Generally the built in collectors use a data type for complex results.
From Collectors
public static <T>
Collector<T, ?, DoubleSummaryStatistics> summarizingDouble(ToDoubleFunction<? super T> mapper) {
return new CollectorImpl<T, DoubleSummaryStatistics, DoubleSummaryStatistics>(
DoubleSummaryStatistics::new,
(r, t) -> r.accept(mapper.applyAsDouble(t)),
(l, r) -> { l.combine(r); return l; }, CH_ID);
}
and in its own class
public class DoubleSummaryStatistics implements DoubleConsumer {
private long count;
private double sum;
private double sumCompensation; // Low order bits of sum
private double simpleSum; // Used to compute right sum for non-finite inputs
private double min = Double.POSITIVE_INFINITY;
private double max = Double.NEGATIVE_INFINITY;
For the concrete problem of summing and averaging, use collectingAndThen along with summarizingDouble:
Map<Integer, Data> result = persons.stream().collect(
groupingBy(Person::getGroup,
collectingAndThen(summarizingDouble(Person::getAge),
dss -> new Data((long)dss.getAverage(), (long)dss.getSum()))));
For the more generic problem (collect various things about your Persons), you can create a complex collector like this:
// Individual collectors are defined here
List<Collector<Person, ?, ?>> collectors = Arrays.asList(
Collectors.averagingInt(Person::getAge),
Collectors.summingInt(Person::getAge));
@SuppressWarnings("unchecked")
Collector<Person, List<Object>, List<Object>> complexCollector = Collector.of(
() -> collectors.stream().map(Collector::supplier)

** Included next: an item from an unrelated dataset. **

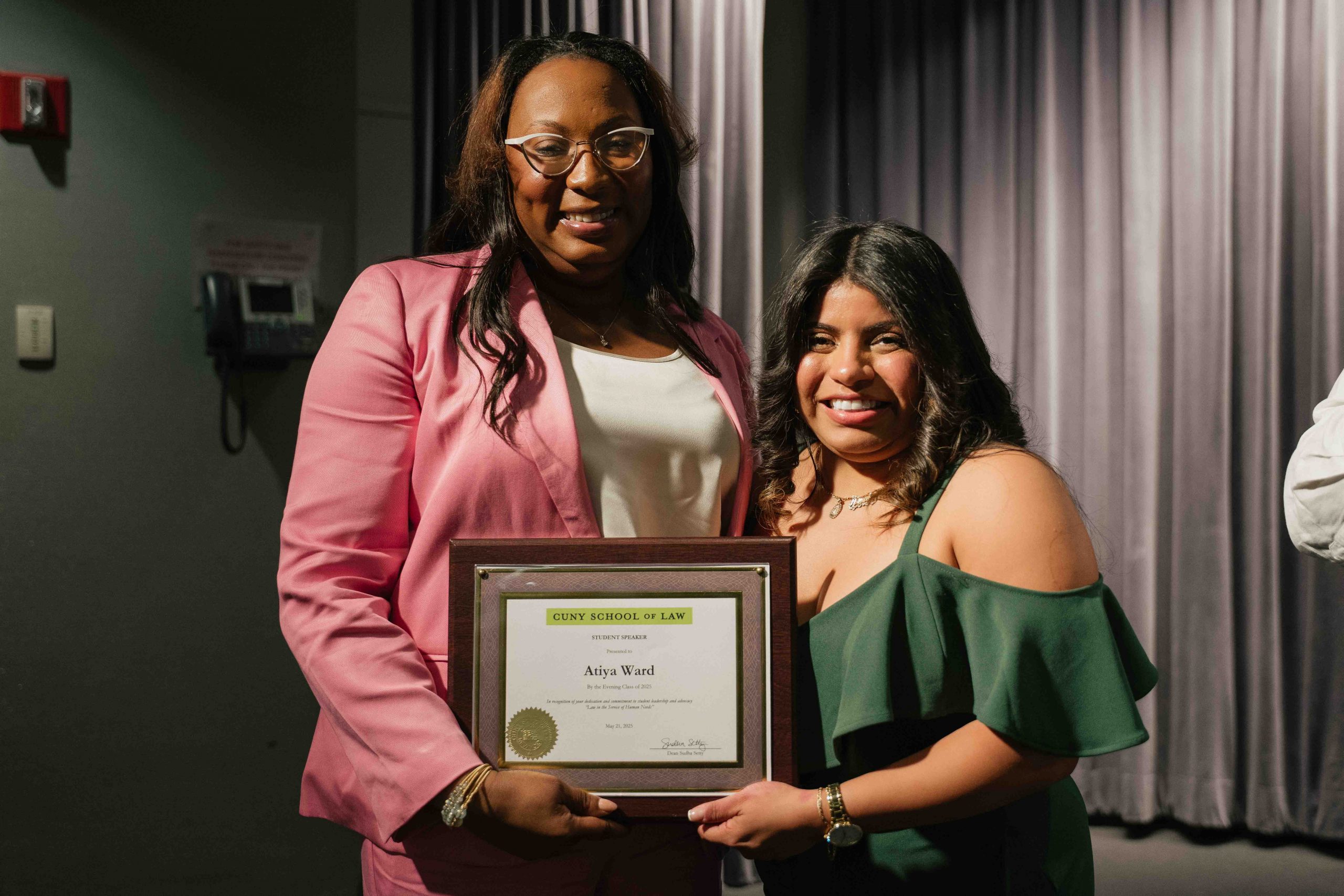 On Wednesday, May 21, Student Awards Night was emceed by 2025 graduate Amada Guapisaca, who introduced each of the recipients of the night’s student-selected honors. Karyn Manocchia, the longtime head of Events at the Law School, received the Community Service Award and raised a glass to her colleagues in both the Events and Facilities departments for all their support and hard work. Tarek Z. Ismail, Co-Director of the Family Law Defense Clinic, was presented with the Outstanding Professor Award and delivered a moving speech that noted that while it was harder than ever to be the kind of lawyer who uses law in the service of human needs, the graduating class of would find power in people, through their relationships, and from their communities.

.map(Supplier::get).collect(toList()),
(list, e) -> IntStream.range(0, collectors.size()).forEach(
i -> ((BiConsumer<Object, Person>) collectors.get(i).accumulator()).accept(list.get(i), e)),
(l1, l2) -> {
IntStream.range(0, collectors.size()).forEach(
i -> l1.set(i, ((BinaryOperator<Object>) collectors.get(i).combiner()).apply(l1.get(i), l2.get(i))));
return l1;
},
list -> {
IntStream.range(0, collectors.size()).forEach(
i -> list.set(i, ((Function<Object, Object>)collectors.get(i).finisher()).apply(list.get(i))));
return list;
});
Map<Integer, List<Object>> result = persons.stream().collect(
groupingBy(Person::getGroup, complexCollector));
Map values are lists where first element is the result of applying the first collector and so on. You can add a custom finisher step using Collectors.collectingAndThen(complexCollector, list -> ...)
to convert this list to something more appropriate.